Concept

What is K_override on the Plus tier?

Last updated 2026-06-18 · Outlier v1.11.469

Quick answer

K_override sets how many experts the paged engine keeps resident in RAM at any moment. Higher K reduces cache misses but inflates RAM and can regress decode speed if the model is compute-bound rather than I/O-bound.

Why does what is k_override on the plus tier matter for local AI on Apple Silicon?

The decision to run a model locally on a Mac comes down to three numbers: weight size on disk, peak generation memory, and the memory bandwidth feeding the decode loop. The concept above bears directly on each of those.

K_override sets the resident expert pool size on Outlier’s Plus tier.
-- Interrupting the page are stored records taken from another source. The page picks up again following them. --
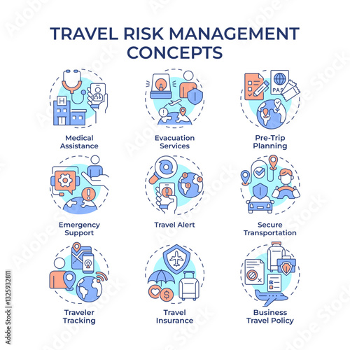 Travel risk management multi color concept icons. Business journey security service. Tourist insurance policy. Icon pack. Vector images. Round shape illustrations for presentation. Abstract idea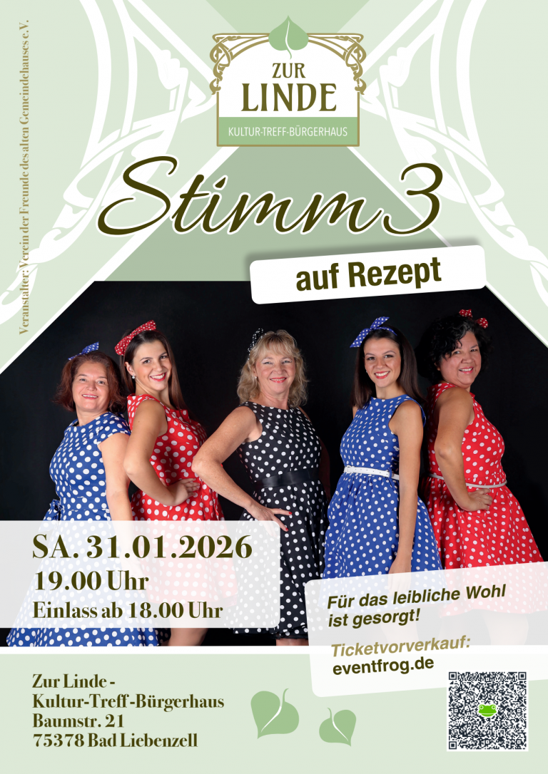 Stimm3 – auf Rezept Stimm3 – auf Rezept Sa. 31.01.2026, 19 Uhr (Einlass ab 18 Uhr)Abendkasse 18 Euro Eine Veranstaltung…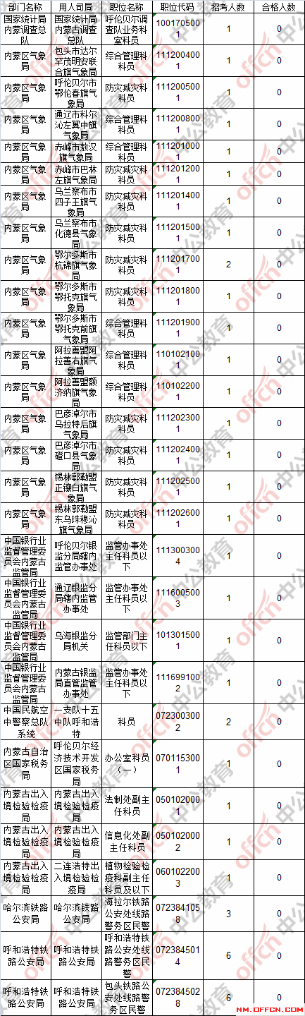截止到21日16時(shí),工作地點(diǎn)在內(nèi)蒙古29個職位無人報(bào)考。具體職位如下: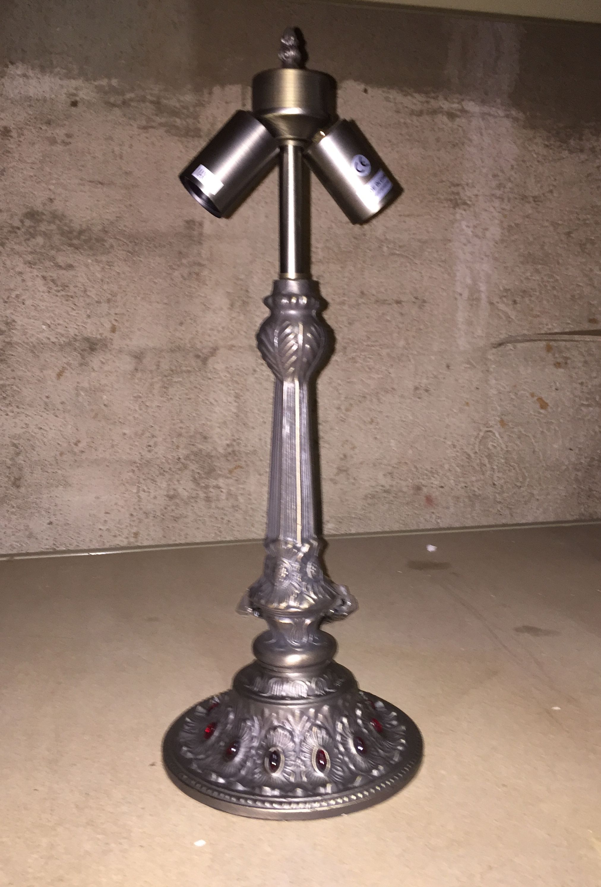 Montura aleación de zinc con opalinas de cristal rojo. Altura 58cm.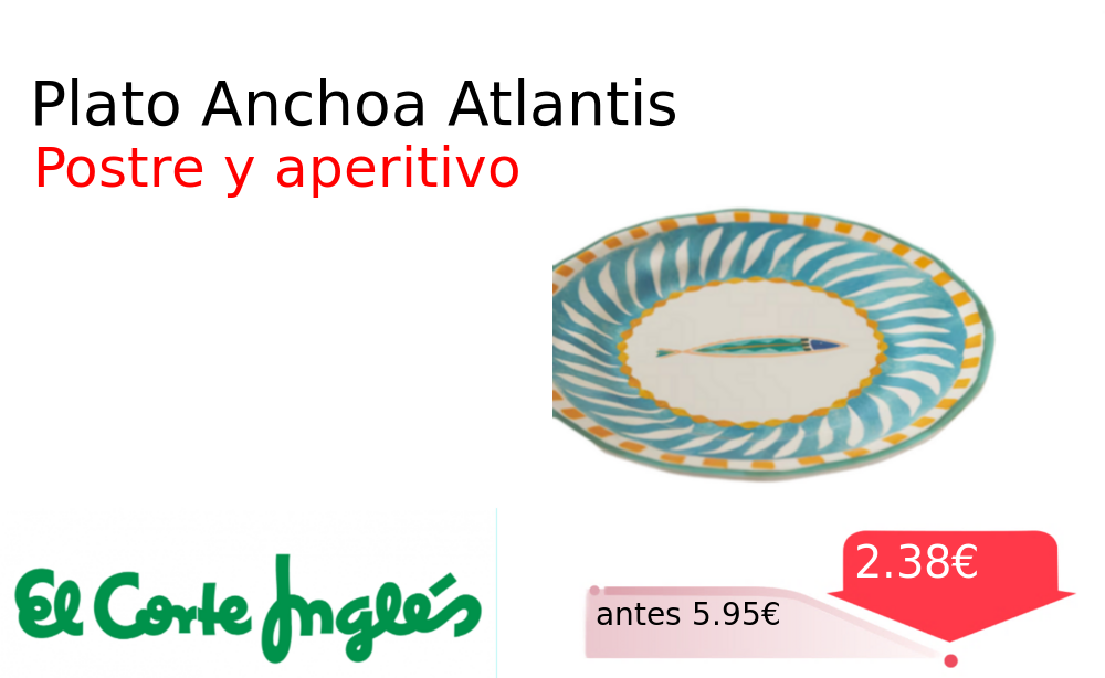 Mitad de precio✂️ Plato Anchoa Atlantis❗️🆕 #Elcorteingles 📛Precio Ya 2.38€❗️ (PVP: +5.95€) ✨Plato de melamina con diseño de anchoa ideal para servir postres o aperitivos Resistente y ligero perfecto para el uso diario en casa. cholloya.com/ATLANTIS_ANCHOA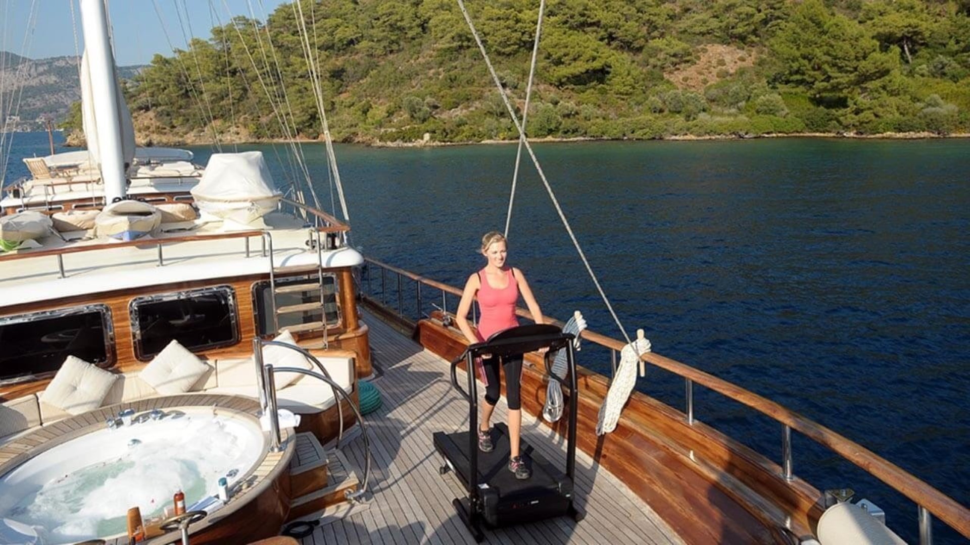 Although there is enough sunbathing area and a sun mat on the outer deck, the jacuzzi creates a pleasant atmosphere.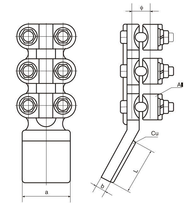 Зажим применяется для присоединения к медным выводам аппаратов или выводам плакированным медью. Лапка зажима полностью медная. Соединение медной лапки с алюминиевой частью монолитное. Соединение с проводом болтовое. Отверстия в лапке прокалываются специальным инструментом на месте монтажа или заказываются на заводе.Инструмент возможно также заказать на нашем заводе.
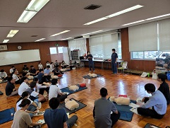 本日の午後、同窓会館(コンビニの2階)において、豊中市消防局の協力のもと教職員による「救急救命講習会」を実施しました。毎年この時期におこなっているものです。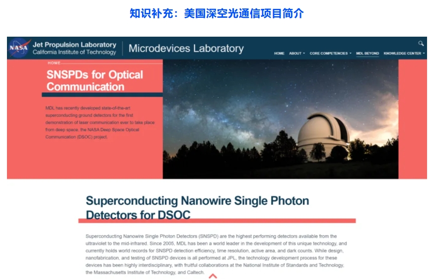 SNSPD是從紫外到中紅外范圍內(nèi)綜合性能最優(yōu)的單光子探測器,因此成為美國國家航空航天局(NASA)和噴氣推進實驗室(JPL)深空光通信(Deep Space Optical Communications,DSOC)項目的重要支撐研發(fā)項目。自2005年以來,MDL在這一獨特技術的開發(fā)方面一直處于世界領先地位,并且在探測效率、時間分辨率、有效面積和暗計數(shù)方面保持著世界紀錄。

The model’s declared num_experts_per_tok is 10; K_override is how many experts the engine keeps in RAM at any moment. Higher K reduces cache misses on cold expert selections but inflates RAM and can regress decode speed if the model is compute-bound at this size.

The 2026-05-01 sweep tested K=4, K=20, K=32, K=48 with a 5-prompt aggregate. K=4 fails coherence (3/5), K=32 regresses 2.5% with 60% more RAM, K=48 adds 1.3% (within noise) at 33.78 GB peak. K=20 gives 1.59 tok/s with 14.04 GB peak gen and is locked.

What is the concrete number?

On Outlier’s Plus tier, K=20 produces 1.59 tok/s with a 14.04 GB peak generation footprint, locked in by a 4-point sweep on 2026-05-01.

How does this play out in the Outlier shipping lineup?

K=4 is a hard model constraint, not a tunable: routing top-10 cannot fit in a resident pool of 4 without first-token control-token escapes.

What is the v1.9 implication?

Source: sprints/v18_plus_ship/artifacts/K_SWEEP_RESULTS.md (2026-05-01, 5-prompt agg, isolated subprocess per K, mx.metal.get_peak_memory).

What does “what is k_override on the plus tier” not mean?

This concept is sometimes invoked as a marketing word for “what is k_override on the plus tier”. The number cited above — On Outlier’s Plus tier, K=20 produces 1.59 tok/s with a 14.04 GB peak gene… — is the empirically measured one. If a cleaner number appears in someone’s pitch deck, ask for the provenance file that produced it; if there is no provenance file, treat the number as marketing.

Where can I read more about what is k_override on the plus tier?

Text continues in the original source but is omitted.